Problem statement —
Your reply should reproduce all the data below exactly while excluding the pictures.

--- Record set ---

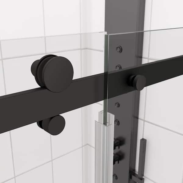 60 in. W x 58 in. H Sliding Tub Door in Matte Black with Clear Glass
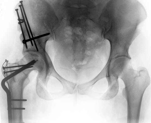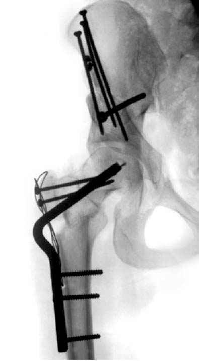 6 Клинковая пластина не совсем может симпатично, то, что пластина реконструктивная с выгибом в области большого вертела. Мне думается, этот выступ должен ощущаться неполными пациентами особенно в положении на боку. Опять таки для улучшения качества жизни после операции, может использовать обычную клинковую пластину с соответствующим углом, без означенного изгиба? Проволоку фиксирующую вертел вы ведь вводили в отверстие в кортикале бедра?, может ее лучше было бы фиксировать к пластине, например к шурупу, будет более надежно, кость ведь зачастую прорезается. Тем более, что тракция отводящих мышц за вертел достаточно велика:
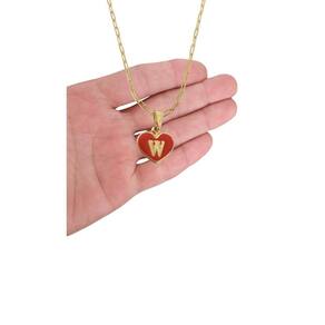 Colar Cartier 50Cm Coração Vermelho Letra W Banhado Ouro 18K
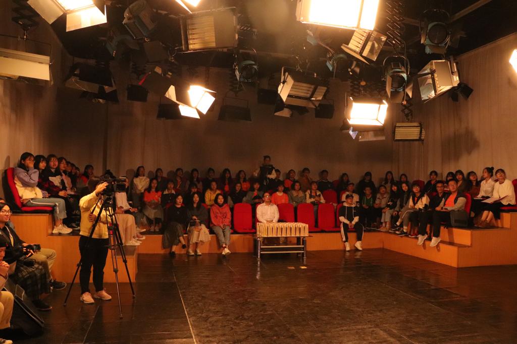 接着,2017、2018、2019级新闻班同学进行了诗文朗诵以及歌曲节目演唱。中间穿插了“习近平新闻重要论述知识”现场抢答赛,同学们积极举手回答,活动现场十分热烈。
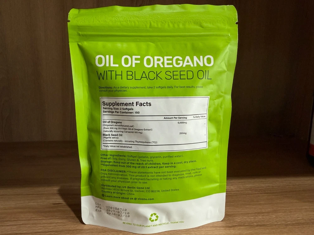 About this item [Oregano Oil Capsules Organic]Each serving of oil of oregano capsules contains oil of oregano with black seed oil. The main ingredients are a natural organic mixture of oil of oregano with black seed oil, including Carvacol and Thymoquinone,support digestive health and help maintain balance in the body contribute to overall wellness [Premium Oil of Oregano Softgels]Our Oregano Oil Softgels are natural, pure and carefully formulated, free of GMOs, soy, dairy, and gluten, unlike many other supplement capsules, ensuring the purity and safety of each capsule without harmful additives [Oregano Oil Extract]Elevate your wellness routine with our fresh Oil of Oregano and Black Seed Oil complex,harnessing the combined strengths of oregano oil and black seed oil to promote balance in the body, promote healthy digestion and respiratory function, potentially providing relief for related concerns.a premium quality supplement that promotes seasonal immune health and harnesses the power of nature's finest gifts [300 Pcs Per Bag]Oil of oregano capsules are easy to swallow, 2 capsules per day, very convenient.Each pack of vivonu oil of oregano with black seed oil contains 300 pills, far more than cheap products on the market, enough to support overall wellness for 150 days [Easy to Absorb]Elevate your health habits with our oregano oil capsules organic, from 20:1 fresh oregano oil extract, to enhance absorption and maximize its benefits(Note: if the capsules are stuck, please shake them slightly to separate, which will not affect product quality and use.Please contact us for any questions)
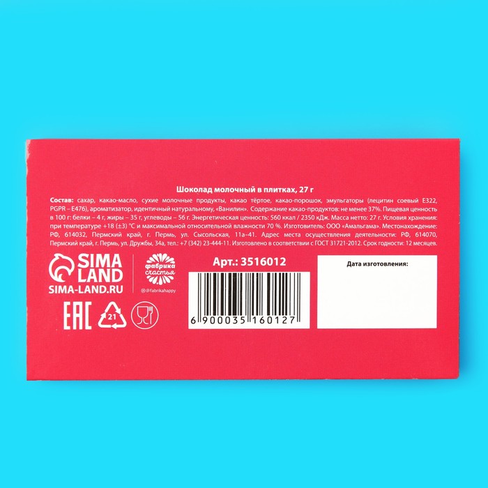 | Примечание | Температурный режим при хранении: от +5 до +25 °C Обратите внимание на условия хранения товара, которые указаны на упаковке. Дата изготовления зависит от партии поставки. При оформлении заказа, просим запрашивать актуальные сроки годности у менеджера. Полная информация о продуктах ТМ «Фабрика Счастья» |
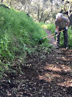 Volunteers and hiking club members met at the Foothill parking lot yesterday at 8.30 AM for a morning of work to maintain and upgrade the trails in our hill lands. This is an annual event of the club and helps keep the switchbacks and narrow trails in good hiking order.
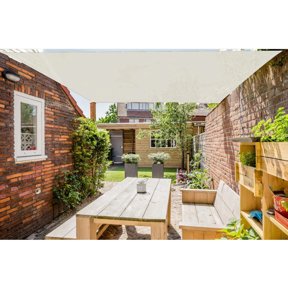 Schaduwdoek/zonnescherm/zonwering rechthoekig wit 3 x 4 meter. Stevig schaduwdoek van waterafstotend gecoat polyester om een fijne schaduwplek te realiseren in uw tuin. Inclusief 3 meter touw voor de bevestiging. Biedt UV UPF50 bescherming tegen de zon. Serie: Curacao. Schaduwdoeken/zonnezeil/zonnedoek/zonwering voor in de tuin of terras.
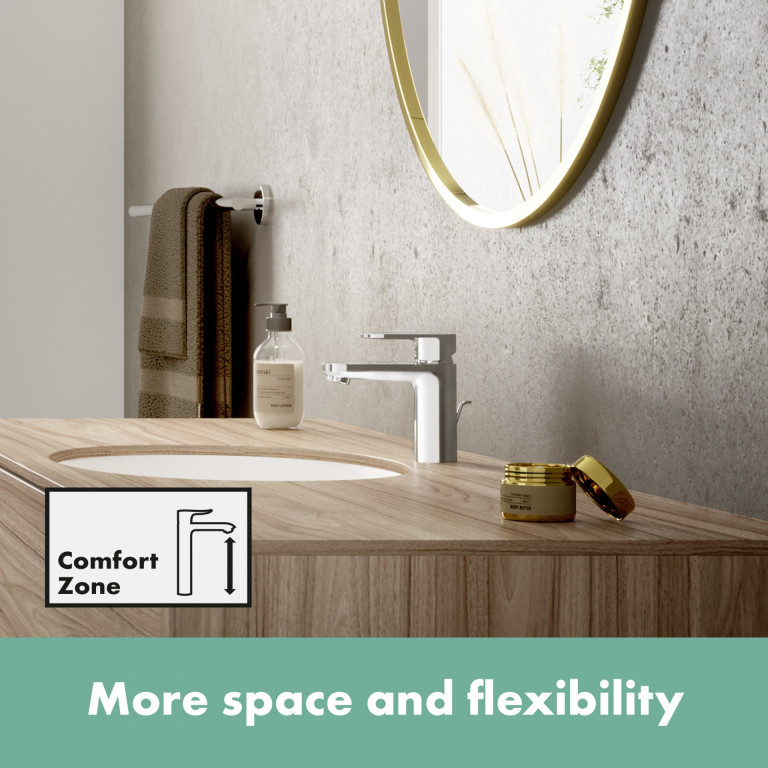 - More room to move: The distance between the spout and wash basin creates space and makes it easier to use (ComfortZone 100)
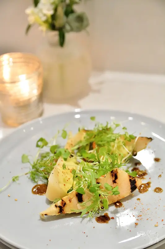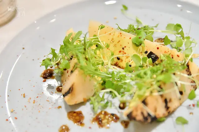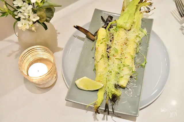 常在日式居酒屋見過與吃過烤玉米筍,但倒是第一次吃到結合起士、辣椒與萊姆的方式,主廚說這道是墨西哥或南美很常見的烤玉米筍料理方式,而台灣的玉米筍很嫩甜,他想運用結合。
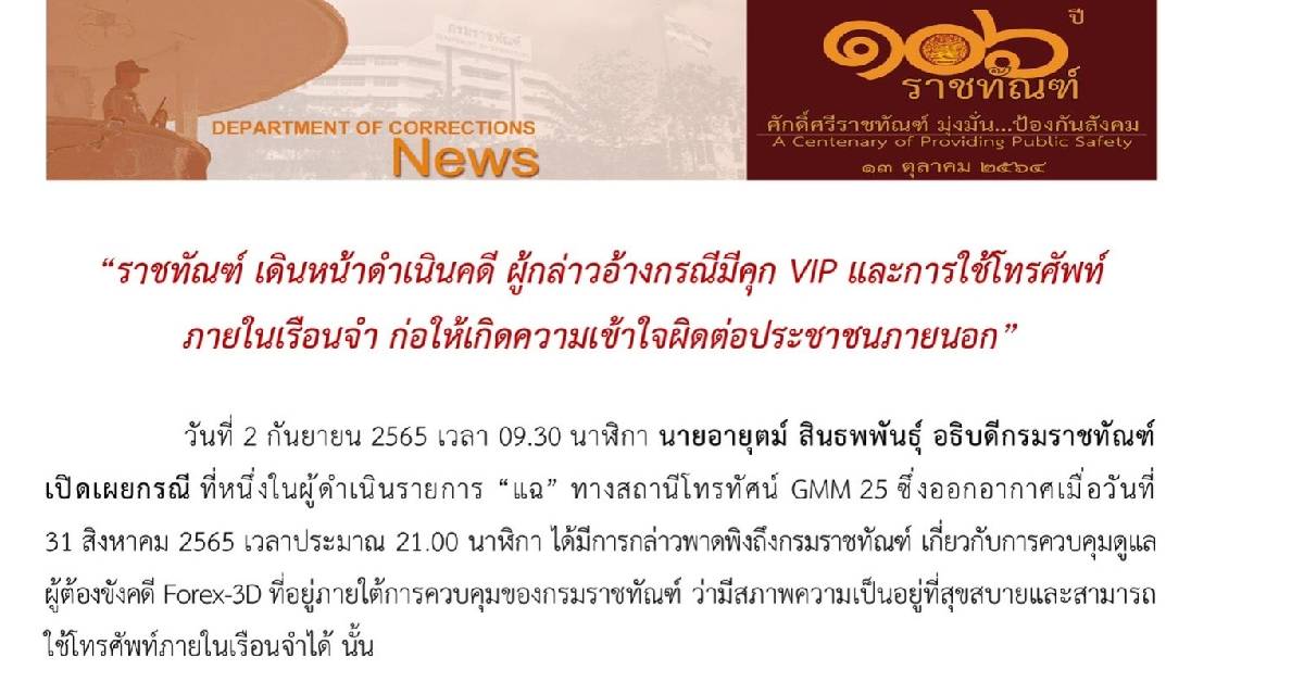 นายอายุตม์ สินธพพันธุ์ อธิบดีกรมราชทัณฑ์ เปิดเผยกรณีหนึ่งในผู้ดำเนินรายการ “แฉ” ทางสถานีโทรทัศน์ GMM 25 ซึ่งออกอากาศเมื่อวันที่ 31 สิงหาคม 2565 เวลาประมาณ 21.00 น. ได้มีการกล่าวพาดพิงถึงกรมราชทัณฑ์เกี่ยวกับการควบคุมดูแลผู้ต้องขังคดี Forex-3D ที่อยู่ภายใต้การควบคุมของกรมราชทัณฑ์ ว่า มีสภาพความเป็นอยู่ที่สุขสบายและสามารถใช้โทรศัพท์ภายในเรือนจำได้ นั้น
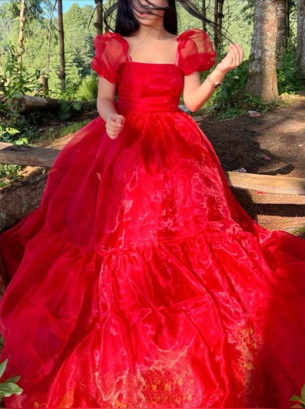 Beautiful Red Square Tulle Long Party Gown Formal Evening Dress SP36
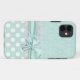 Um gabinete de mint verde e branco para o iPhone 5, com um verde de menta na cor damasco verde, no topo, e um verde de menta com padrão de bolinhas branco, na parte inferior. Gráficos de uma banda de rendas brancas e uma fita e arco verde da casa da moeda correm pelo meio entre as duas partes de trás. Personalizar para adicionar seu próprio texto. Excelente maneira de olhar para o na moda e proteger seu dispositivo eletrônico ao mesmo tempo.
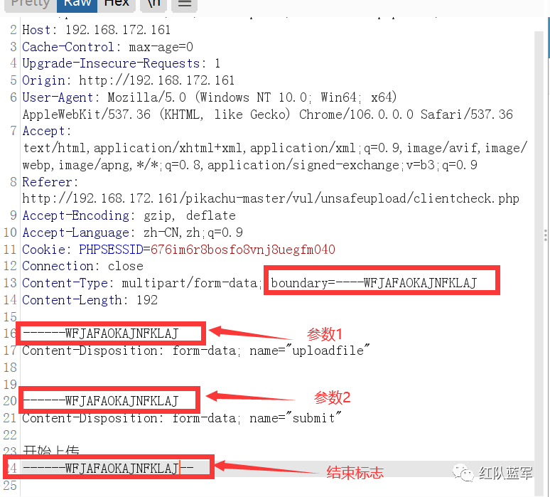 这里拿上面的边界来做文章,这里看到了,当上面定义了boundary=----WFJAFAOKAJNFKLAJ的时候我想到了两个问题。
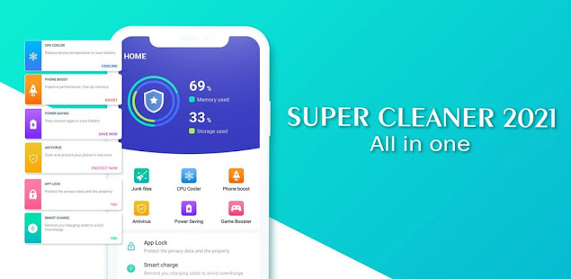 Super Cleaner is multipurpose app for your device maintenance. It is designed to increase battery life with smart power saving modes. It clears the junk data and unwanted background running processes which makes phone fast. With temperature control you can initiate cooling effect as well.
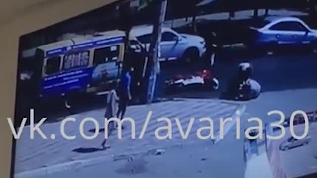Видео: мотоциклист сбил мужчину с 4-месячным сыном в Астрахани
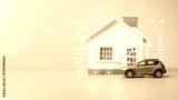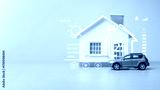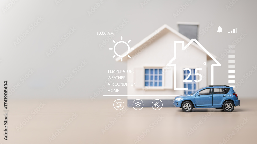 Mini house and car with a glowing 25°C interface show a smart home powered by IoT—remote thermostat control, weather insights, and energy-saving automation that delivers comfortable, efficient living.
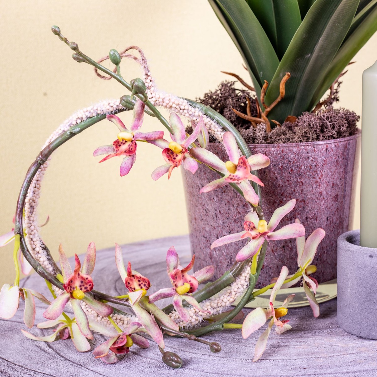 Gestaltungstipp: Die Bromelie zurechtbiegen und in den Topf stellen. Etwas Naturmoos darüber. Der zarte Orchideenzweig wird um den beflockten Ring gewickelt. Als Pflanzenanhänger oder Wanddeko geeignet.
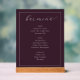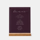 This elegant bar menu design exudes a sophisticated and timeless charm, perfect for wedding receptions or formal events. The deep burgundy background paired with the delicate white script typography creates an air of refinement and class. Featuring categories like beer, wine, and spirits, it offers a clear and organized selection for guests to enjoy. The simple yet stylish layout ensures that your event's beverage options are presented in an inviting and memorable way, enhancing the overall ambiance of your special occasion.
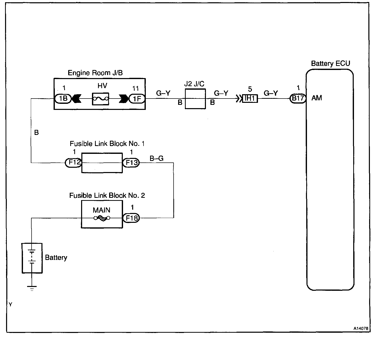 Battery positive voltage is supplied to terminal AM of the Battery ECU even when the ignition switch is OFF to read the DTC memory and freeze frame data adaptive control value memory, etc.

---

Output for this exercise —
 60 in. W x 58 in. H Sliding Tub Door in Matte Black with Clear Glass
 6 Клинковая пластина не совсем может симпатично, то, что пластина реконструктивная с выгибом в области большого вертела. Мне думается, этот выступ должен ощущаться неполными пациентами особенно в положении на боку. Опять таки для улучшения качества жизни после операции, может использовать обычную клинковую пластину с соответствующим углом, без означенного изгиба? Проволоку фиксирующую вертел вы ведь вводили в отверстие в кортикале бедра?, может ее лучше было бы фиксировать к пластине, например к шурупу, будет более надежно, кость ведь зачастую прорезается. Тем более, что тракция отводящих мышц за вертел достаточно велика:
 Colar Cartier 50Cm Coração Vermelho Letra W Banhado Ouro 18K
 接着,2017、2018、2019级新闻班同学进行了诗文朗诵以及歌曲节目演唱。中间穿插了“习近平新闻重要论述知识”现场抢答赛,同学们积极举手回答,活动现场十分热烈。
 About this item [Oregano Oil Capsules Organic]Each serving of oil of oregano capsules contains oil of oregano with black seed oil. The main ingredients are a natural organic mixture of oil of oregano with black seed oil, including Carvacol and Thymoquinone,support digestive health and help maintain balance in the body contribute to overall wellness [Premium Oil of Oregano Softgels]Our Oregano Oil Softgels are natural, pure and carefully formulated, free of GMOs, soy, dairy, and gluten, unlike many other supplement capsules, ensuring the purity and safety of each capsule without harmful additives [Oregano Oil Extract]Elevate your wellness routine with our fresh Oil of Oregano and Black Seed Oil complex,harnessing the combined strengths of oregano oil and black seed oil to promote balance in the body, promote healthy digestion and respiratory function, potentially providing relief for related concerns.a premium quality supplement that promotes seasonal immune health and harnesses the power of nature's finest gifts [300 Pcs Per Bag]Oil of oregano capsules are easy to swallow, 2 capsules per day, very convenient.Each pack of vivonu oil of oregano with black seed oil contains 300 pills, far more than cheap products on the market, enough to support overall wellness for 150 days [Easy to Absorb]Elevate your health habits with our oregano oil capsules organic, from 20:1 fresh oregano oil extract, to enhance absorption and maximize its benefits(Note: if the capsules are stuck, please shake them slightly to separate, which will not affect product quality and use.Please contact us for any questions)
 | Примечание | Температурный режим при хранении: от +5 до +25 °C Обратите внимание на условия хранения товара, которые указаны на упаковке. Дата изготовления зависит от партии поставки. При оформлении заказа, просим запрашивать актуальные сроки годности у менеджера. Полная информация о продуктах ТМ «Фабрика Счастья» |
 Volunteers and hiking club members met at the Foothill parking lot yesterday at 8.30 AM for a morning of work to maintain and upgrade the trails in our hill lands. This is an annual event of the club and helps keep the switchbacks and narrow trails in good hiking order.
 Schaduwdoek/zonnescherm/zonwering rechthoekig wit 3 x 4 meter. Stevig schaduwdoek van waterafstotend gecoat polyester om een fijne schaduwplek te realiseren in uw tuin. Inclusief 3 meter touw voor de bevestiging. Biedt UV UPF50 bescherming tegen de zon. Serie: Curacao. Schaduwdoeken/zonnezeil/zonnedoek/zonwering voor in de tuin of terras.
 - More room to move: The distance between the spout and wash basin creates space and makes it easier to use (ComfortZone 100)
 常在日式居酒屋見過與吃過烤玉米筍,但倒是第一次吃到結合起士、辣椒與萊姆的方式,主廚說這道是墨西哥或南美很常見的烤玉米筍料理方式,而台灣的玉米筍很嫩甜,他想運用結合。
 นายอายุตม์ สินธพพันธุ์ อธิบดีกรมราชทัณฑ์ เปิดเผยกรณีหนึ่งในผู้ดำเนินรายการ “แฉ” ทางสถานีโทรทัศน์ GMM 25 ซึ่งออกอากาศเมื่อวันที่ 31 สิงหาคม 2565 เวลาประมาณ 21.00 น. ได้มีการกล่าวพาดพิงถึงกรมราชทัณฑ์เกี่ยวกับการควบคุมดูแลผู้ต้องขังคดี Forex-3D ที่อยู่ภายใต้การควบคุมของกรมราชทัณฑ์ ว่า มีสภาพความเป็นอยู่ที่สุขสบายและสามารถใช้โทรศัพท์ภายในเรือนจำได้ นั้น
 Beautiful Red Square Tulle Long Party Gown Formal Evening Dress SP36
 Um gabinete de mint verde e branco para o iPhone 5, com um verde de menta na cor damasco verde, no topo, e um verde de menta com padrão de bolinhas branco, na parte inferior. Gráficos de uma banda de rendas brancas e uma fita e arco verde da casa da moeda correm pelo meio entre as duas partes de trás. Personalizar para adicionar seu próprio texto. Excelente maneira de olhar para o na moda e proteger seu dispositivo eletrônico ao mesmo tempo.
 这里拿上面的边界来做文章,这里看到了,当上面定义了boundary=----WFJAFAOKAJNFKLAJ的时候我想到了两个问题。
 Super Cleaner is multipurpose app for your device maintenance. It is designed to increase battery life with smart power saving modes. It clears the junk data and unwanted background running processes which makes phone fast. With temperature control you can initiate cooling effect as well.
Видео: мотоциклист сбил мужчину с 4-месячным сыном в Астрахани
 Mini house and car with a glowing 25°C interface show a smart home powered by IoT—remote thermostat control, weather insights, and energy-saving automation that delivers comfortable, efficient living.
 Gestaltungstipp: Die Bromelie zurechtbiegen und in den Topf stellen. Etwas Naturmoos darüber. Der zarte Orchideenzweig wird um den beflockten Ring gewickelt. Als Pflanzenanhänger oder Wanddeko geeignet.
 This elegant bar menu design exudes a sophisticated and timeless charm, perfect for wedding receptions or formal events. The deep burgundy background paired with the delicate white script typography creates an air of refinement and class. Featuring categories like beer, wine, and spirits, it offers a clear and organized selection for guests to enjoy. The simple yet stylish layout ensures that your event's beverage options are presented in an inviting and memorable way, enhancing the overall ambiance of your special occasion.
 Battery positive voltage is supplied to terminal AM of the Battery ECU even when the ignition switch is OFF to read the DTC memory and freeze frame data adaptive control value memory, etc.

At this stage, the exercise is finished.